Klebsiella variicolaは、Klebsiella pneumoniaeに密接に遺伝的に関連する細菌であり、一般に生化学試験によりK. Pneumoniaeと誤認されています。2つの細菌を区別するために、RPOB遺伝子の系統解析と、マルチプレックスポリメラーゼ連鎖反応(PCR)による両方の細菌種のユニークな遺伝子の同定(PCR)は、K. variicolaを確実に同定し、遺伝子型を確実に同定し、遺伝子型を提供します。近年、K。variicolaは、入院患者に敗血症をもたらし、血流感染症の頻繁な原因として、小児病院での病院内発生の原因として説明されています。本研究では、K。pneumoniaeとK. variicolaは、異なる抗菌薬感受性表現型と毒性決定因子の異なる遺伝子型を示すユニークな患者から分離されました。8つの臨床分離株が異なる時間間隔で得られました。すべて5か月間。分離株は、自動識別システムによってK. pneumoniaeとして特定されました。臨床(生化学試験)および分子(多重PCRおよびRPOB遺伝子)特性評価により、最初の6つの肺炎菌ST258分離株でイミペネム耐性が特定されました。最後に残っている2つの分離株は、感受性K. variicolaに対応していました。細菌種は、肺炎分離株K.でのみ同定された毒性関連の決定因子、特にfima、fimh、およびecprab fimbrialをコードする遺伝子の特定のプロファイルを示しました。ただし、ENTB(Enterobactin)、MRKD(Fimbrialアドヘシン)、UGE(エピメラーゼ)、尿素(ウレアーゼ)、およびWABG(トランスフェラーゼ)遺伝子は、両方の細菌種間で共有されました。最近の研究は、K。pneumoniaよりも高い死亡率をK. variicolaに与えると考えています。この研究は、同じ患者から分離された肺炎K.肺炎と密接に関連するK. variicolaの識別を強調しています。これら2つの細菌種を区別することの価値は、臨床的意義、異なる表現型と遺伝子型、およびそれらを同じ患者から分離できるという事実にあります。
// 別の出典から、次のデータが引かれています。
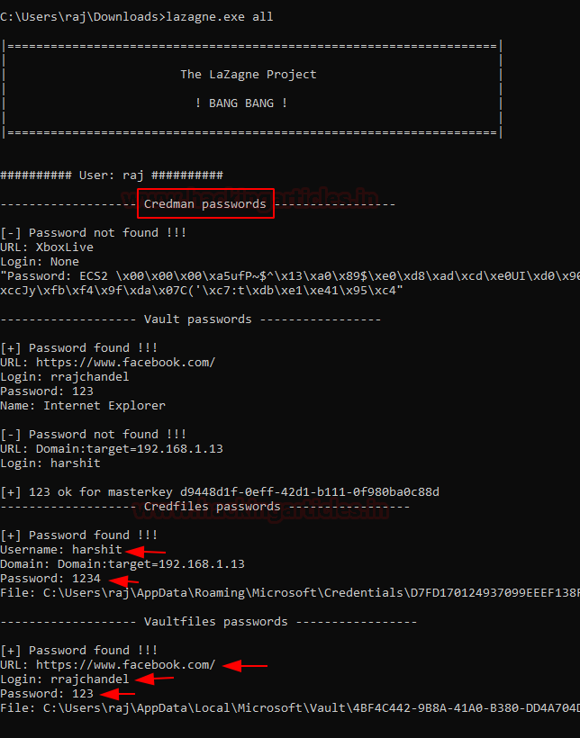 Similarly, we can also use lazagne, another handy tool that you can download from here.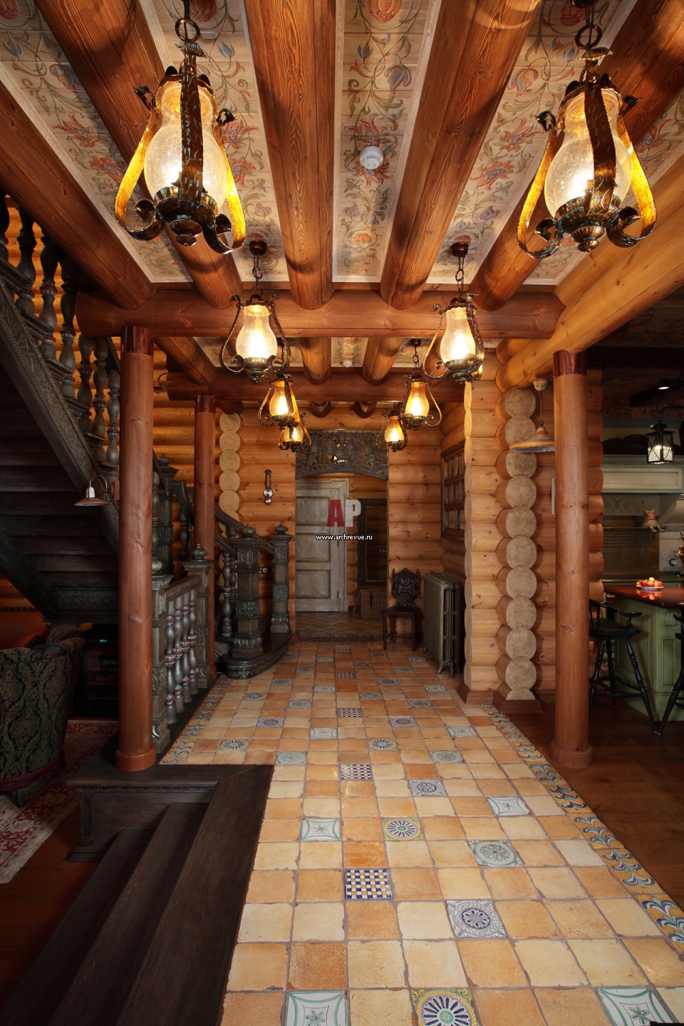 Прихожая в деревянном доме выполнена в традиционном русском сказочном стиле. Сосновая доска на потолке вручную расписана и искусственно состарена, в основе орнамента – стилистика фольклора. На полу – керамическая плитка терракотового цвета.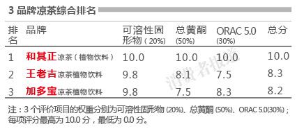 同時,本刊綜合可溶性固形物、總黃酮、ORAC 5.0功效測試三項指標(biāo)對3品牌涼茶進(jìn)行綜合排名的結(jié)果顯示,和其正涼茶綜合評價得分相對較高,王老吉涼茶次之,加多寶則較低。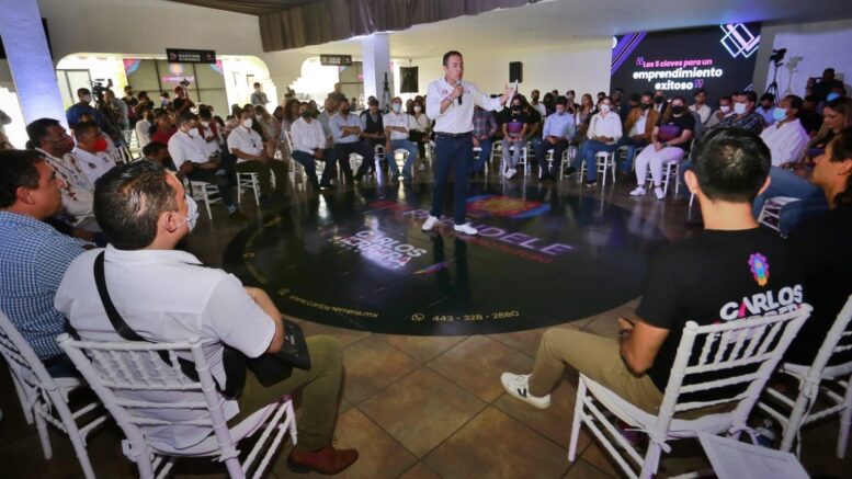 El candidato del Equipo por Michoacán participó como ponente en el foro “Empréndele” con el tema “Cinco claves para un emprendimiento exitoso”, bosquejó una agenda de emprendimiento en su proyecto de gobierno y, para ello, selló cinco compromisos para la juventud.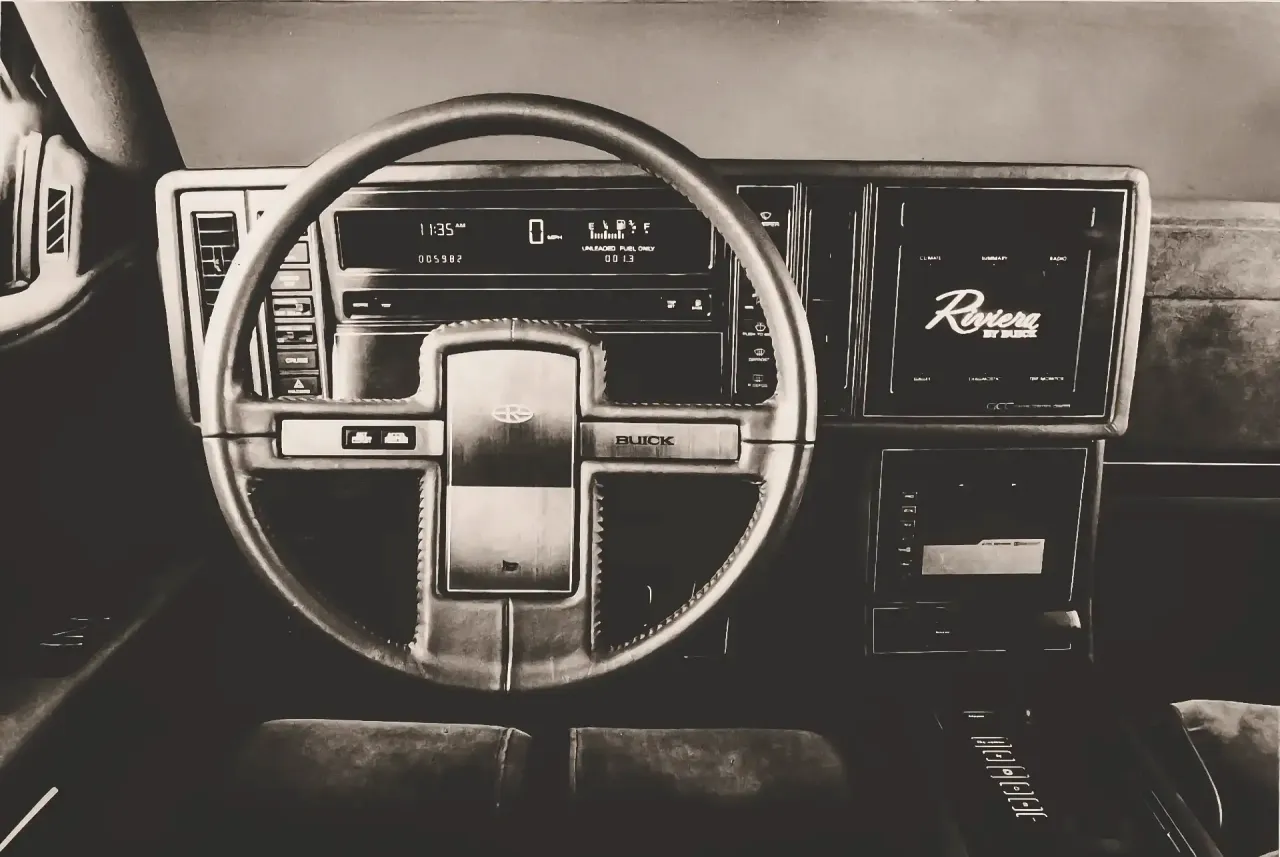 Buick Riviera 1986 de 1986 tinha uma funcionalidade dramaticamente à frente do seu tempo: um centro de controlo com ecrã táctil no centro da consola, precursor do tipo de interface hoje presente em praticamente todos os automóveis modernos.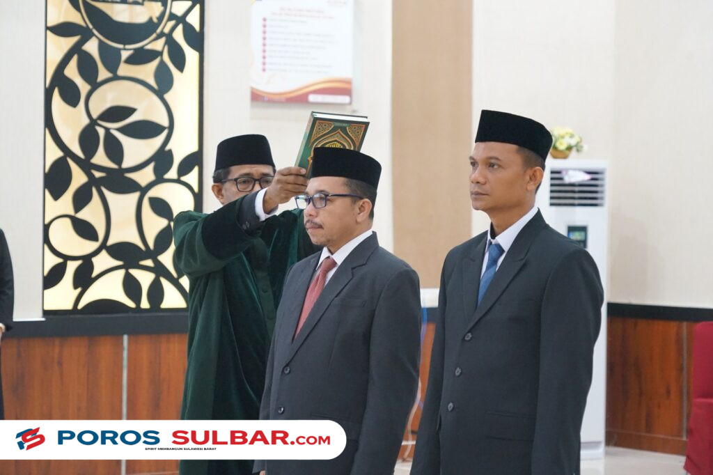 Mamuju — Kepala Kantor Wilayah Kementerian Hukum Sulawesi Barat, Saefur Rochim melantik dan mengambil Sumpah Jabatan, Asri sebagai Pejabat Pergantian Antar Waktu (PAW) Anggota Majelis Pengawas Daerah (MPD) Notaris untuk Kabupaten Mamuju, Kabupaten Mamuju Tengah, dan Kabupaten Pasangkayu periode 2023–2026, di Aula Pengayoman Kanwil Kemenkum Sulbar, Senin (9/2/2026).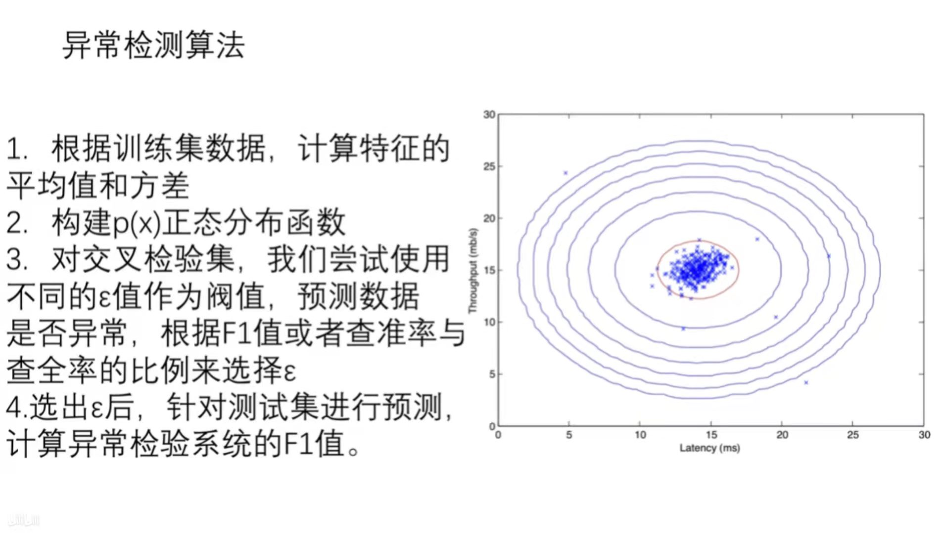 异常检测就是发现与大部分对象不同的对象,其实就是发现离群点。异常检测有时也称偏差检测。异常对象是相对罕见的。用数据集建立概率模型p ( x ),如果新的测试数据在这个模型上小于某个阈值,则说它极大可能为异常点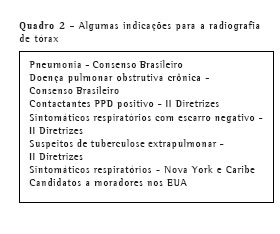 Mais curioso ainda é observar que as II Diretrizes atuais preconizam a radiografia do tórax para os suspeitos de tuberculose extrapulmonar e não para a pulmonar, e que nossa Sociedade preconiza radiografia para os suspeitos de pneumonia (800.000 internações anuais pelo Sistema Único de Saúde) e para os portadores de doença pulmonar obstrutiva crônica (10% a 15% da população maior de 40 anos).

Klebsiella variicolaは、Klebsiella pneumoniaeに密接に遺伝的に関連する細菌であり、一般に生化学試験によりK. Pneumoniaeと誤認されています。2つの細菌を区別するために、RPOB遺伝子の系統解析と、マルチプレックスポリメラーゼ連鎖反応(PCR)による両方の細菌種のユニークな遺伝子の同定(PCR)は、K. variicolaを確実に同定し、遺伝子型を確実に同定し、遺伝子型を提供します。近年、K。variicolaは、入院患者に敗血症をもたらし、血流感染症の頻繁な原因として、小児病院での病院内発生の原因として説明されています。本研究では、K。pneumoniaeとK. variicolaは、異なる抗菌薬感受性表現型と毒性決定因子の異なる遺伝子型を示すユニークな患者から分離されました。8つの臨床分離株が異なる時間間隔で得られました。すべて5か月間。分離株は、自動識別システムによってK. pneumoniaeとして特定されました。臨床(生化学試験)および分子(多重PCRおよびRPOB遺伝子)特性評価により、最初の6つの肺炎菌ST258分離株でイミペネム耐性が特定されました。最後に残っている2つの分離株は、感受性K. variicolaに対応していました。細菌種は、肺炎分離株K.でのみ同定された毒性関連の決定因子、特にfima、fimh、およびecprab fimbrialをコードする遺伝子の特定のプロファイルを示しました。ただし、ENTB(Enterobactin)、MRKD(Fimbrialアドヘシン)、UGE(エピメラーゼ)、尿素(ウレアーゼ)、およびWABG(トランスフェラーゼ)遺伝子は、両方の細菌種間で共有されました。最近の研究は、K。pneumoniaよりも高い死亡率をK. variicolaに与えると考えています。この研究は、同じ患者から分離された肺炎K.肺炎と密接に関連するK. variicolaの識別を強調しています。これら2つの細菌種を区別することの価値は、臨床的意義、異なる表現型と遺伝子型、およびそれらを同じ患者から分離できるという事実にあります。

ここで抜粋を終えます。